Now a planet that emulates even medium detail to earth its extremely difficult and the power needed for this just to populate several billion trees and plants its out of our hands.
Now to emulate the vast diversity of geological formations, I think that the best way to do it its by collecting and importing all of earth surface with DEM ´S; but again cpu power required will be to great.
What I think its attainable its building up a procedural network that more or less behaves as earth and presents different features according to geographical location. For this we need a wizard that handles the node network as well as his/her own hands. :P

Rob Allen

An interesting idea might be to see if TG2 can use a link as an image source for a shader.  Link directly to one of the infrared satellite images, and the planet's clouds will update in real-time with Earth (theoretically).  I have used Lunarcell quite extensively and use Solarcell for the sun effects as post-processing of my renders.  I like to have the "spikes" coming off my suns, plus I use Glitterato to generate starfields for backgrounds (now that I know how to do this).

What I would consider as a goal for this project is to create a kind of TG2 Lunarcell.  That is, capable of creating realistic-looking detailed planets with modifiable parameters, so they look good from orbit, but with TG2's ability to go down to the planet and generate equally realistic landscape scenes.  To accomplish this while maintaining a respectable usage of CPU resources and a decent target render time would be the ultimate goal.  Difficult yes, but I think with some skill and a little "thinking outside the box", it should be possible.

My rendering computer is working on a particularly long render at the moment so I'm not going to start on this project until it is done.  It has been rendering for about a day now and looks like it may still have another day or two to go.  Just to reassure everyone, this is NOT what I consider to be an ideal render time.  The scene in question is particularly experimental, but I think the end result will be worth the time.  My target render time for the generic earth would ultimately be less than 30 minutes on a high-end machine, with all details/shaders turned on.  I'd like for it to weigh in at around 15 minutes, but I'm not sure that will be possible, and I can't promise 30 minutes either.  Until I get some progress on it, every estimate I make is going to be a ballpark figure.

swiftstream

Populating billions of plants is, as somebody pointed out, unreasonable. However, it may be possible to make clever use of the distance shader to avoid this, and only populate plants when the camera is close to the ground, and only in the area near the camera.
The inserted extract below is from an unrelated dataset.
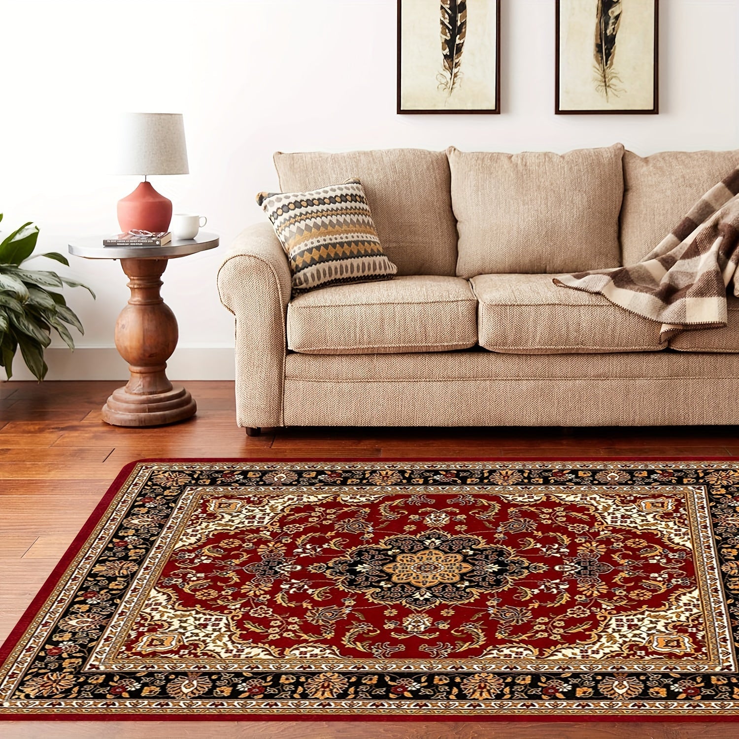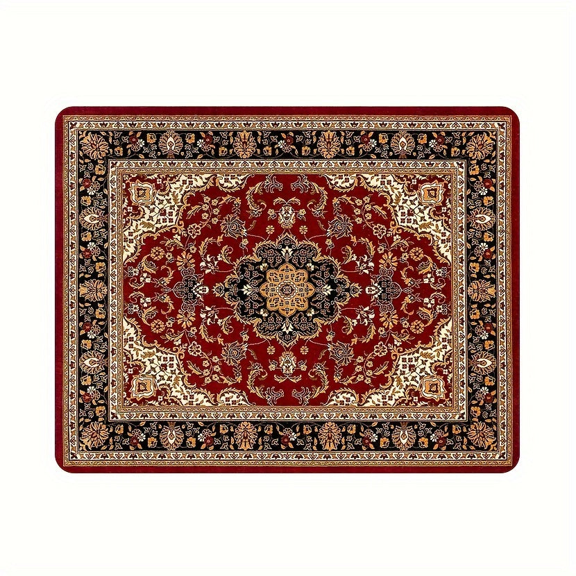 Bir dona qizil vintage naqshli yumshoq flanel non-slip pol matozi oshxona va hammom uchun. Kvadrat shaklida, 480g vaznida va 1 sm qalinlikda.
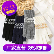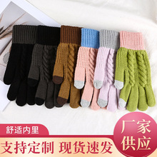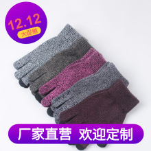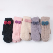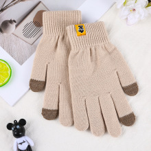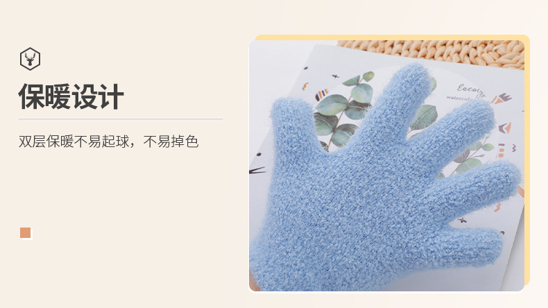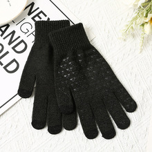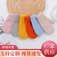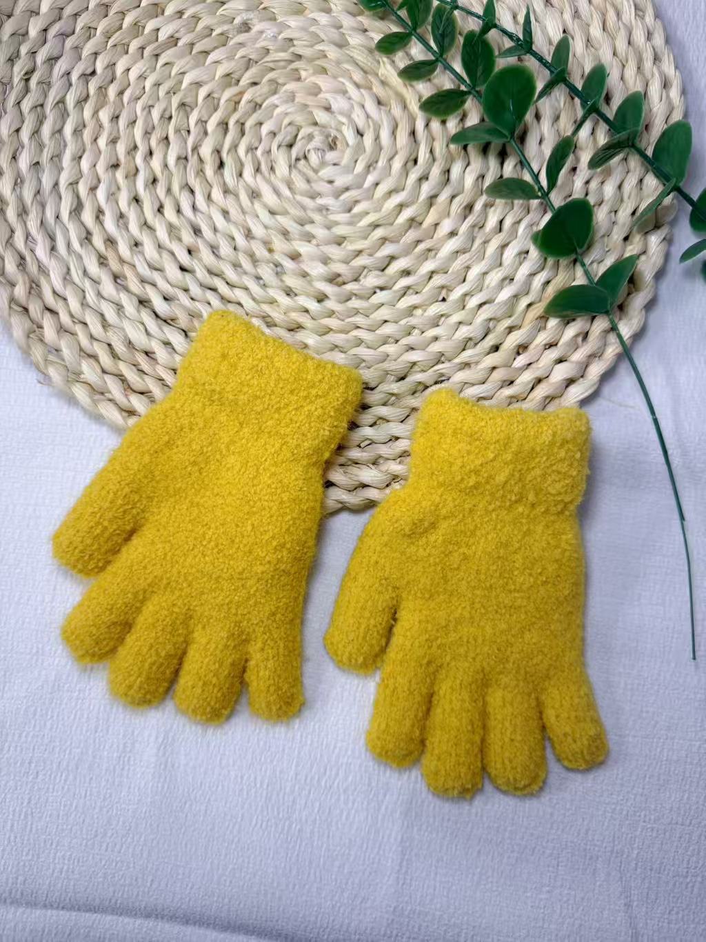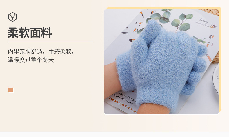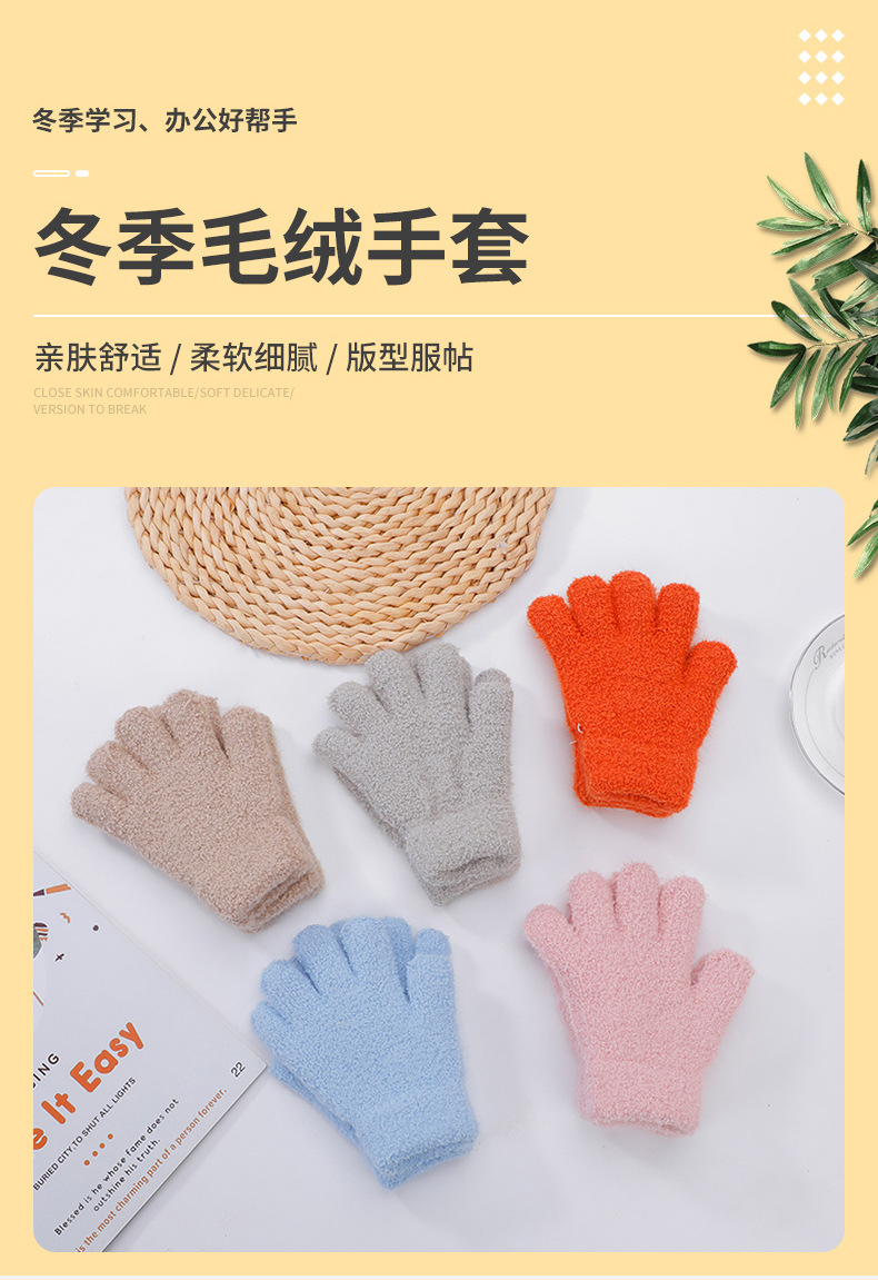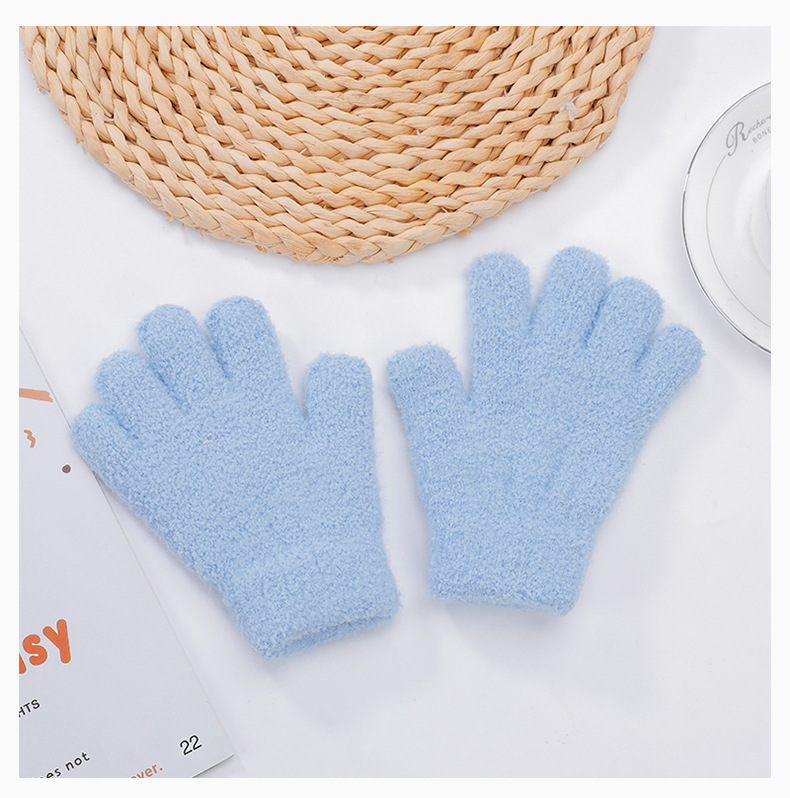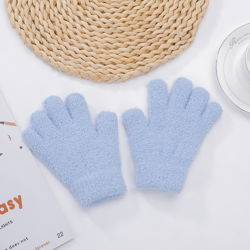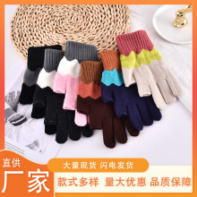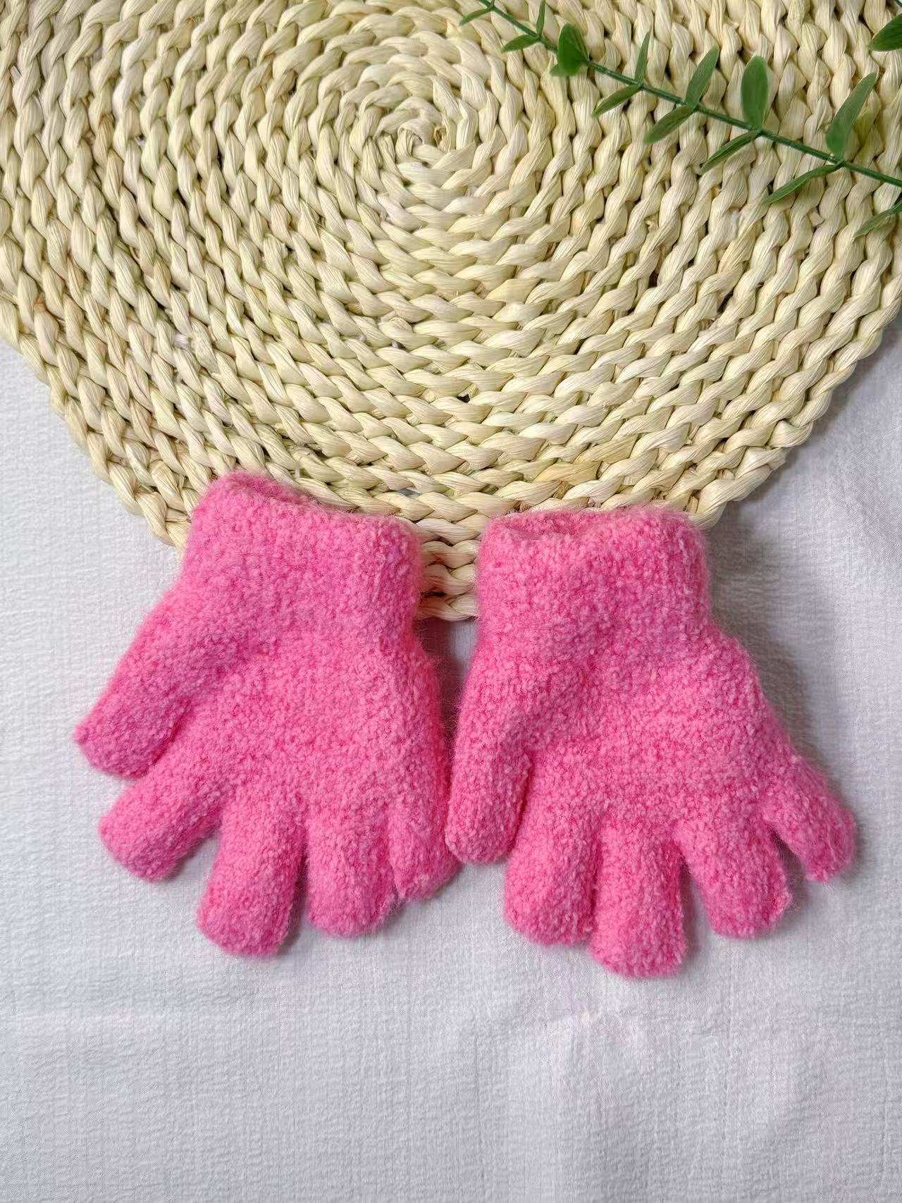 모든 경기 남자와 여자의 간단한 단색 더블 레이어 따뜻한 의류 액세서리 가방 니트 다섯 손가락 장갑을 기모 어린이 장갑

Obviously, if you had a camera a very long way away with a very very high zoom, this effect would break down. But the distance shader could be manually modified for this situation.

This is one case where the ability to alter any parameter of any shader with scalar nodes, ala World Machine, would work wonders. Even better if you could access the value of any parameter, which IIRC World Machine does not do. Then you could get the size of an object, and use a distance shader to calculate the angular size of each object, from which, with the camera zoom parameter and the image size, you could calculate how large the object will be in pixels. Then you create a shader based on this which is white where the size is above a certain threshold and black below, which is then used as a distribution shader for the population, so you only have objects where they are large enough to be seen. Every else where the object would be can be replaced with an appropriate surface layer.